Time for liquor laws to sober up

Updated on: 30 May,2012 07:07 AM IST  | 
Samarth Moray |

While this paper does not advocate alcoholism, we intend to question the absurdity of archaic rules that govern our drinking

Time for liquor laws to sober up

When you hear the term liquor what comes to mind? Rum, gin, vodka, whiskey, Scotch perhaps? Next time, look before you sip. According to the Bombay Prohibition Act, 1949 (yes, 1949), which regulates imported liquor in Maharashtra, all liquids containing alcohol are counted as liquor.

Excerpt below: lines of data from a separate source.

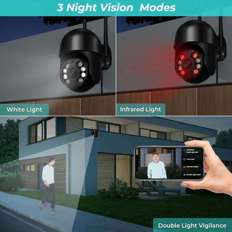 Humanos de seguimiento de movimiento, Visión nocturna, Detección de movimiento, Impermeable / a prueba de mal tiempo, PAN-TILT, De Audio de dos víasCaracterísticas especiales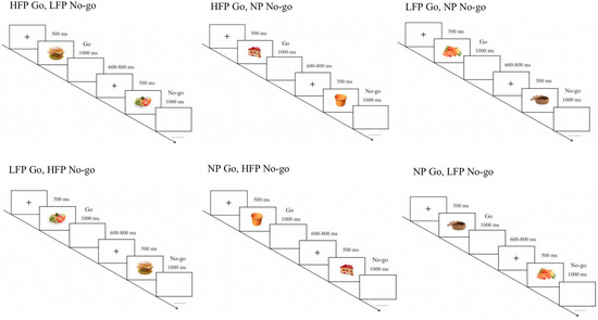 Food-related Go/No–go task paradigm (six blocks presented in a randomized order). HFP = high-calorie food picture; LFP = low-calorie food picture; NP = neutral picture.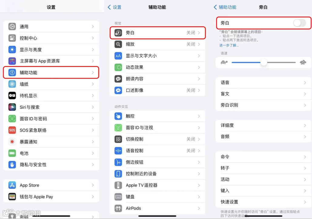 按照支付宝的说法,视障用户可以在亲友的帮助下,打开手机的「旁白」功能,以便使用这些新功能。iPhone 用户可以进入“设置”—“辅助功能”—“旁白”中打开旁白功能。

Hard-nosed rules: Many of these laws are unknown to citizens and are often misused by cops to extract bribes.u00a0Representation pic


Anyone who imports, exports, transports, sells or buys any alcohol without the licences and permits required under this Act faces imprisonment up to five years and a fine of Rs 50,000. Similar penalties exist for manufacturing alcohol or opening a ‘drinking house’. The Act was last amended 15 years ago.

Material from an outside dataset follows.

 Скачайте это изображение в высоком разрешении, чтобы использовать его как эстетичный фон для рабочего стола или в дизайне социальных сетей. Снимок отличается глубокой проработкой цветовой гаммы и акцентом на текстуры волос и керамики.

Now, consider this for a state that boasts of a Napa Valley of its own, and plans to promote wine tourism. Section 73 of the Act also prohibits advertisement of alcoholic beverages, with a punishment of six months imprisonment or a Rs 5,000 fine for every breach. Permits are required for everything from ‘special functions’ to selling wine wholesale, apart from those required for eateries serving alcohol or liquor shops.

Tipple only at 25
The Bombay Prohibition Act, 1949, also says a liquor permit is necessary in Maharashtra for purchase, possession, transport, and consumption of liquor. Any person above the age of 25 years is eligible for obtaining a permit. Even with a permit, the state government recently limited the amount of liquor a person can possess and transport at a time to two units per person per week, down from 12 units. One unit equals 750 ml. In case of wine, a unit is 1,500 ml, and for beers and mild liquors it is equivalent to 2,600 ml. The government via gazette notifications regularly revises many other rules related to alcohol regulation.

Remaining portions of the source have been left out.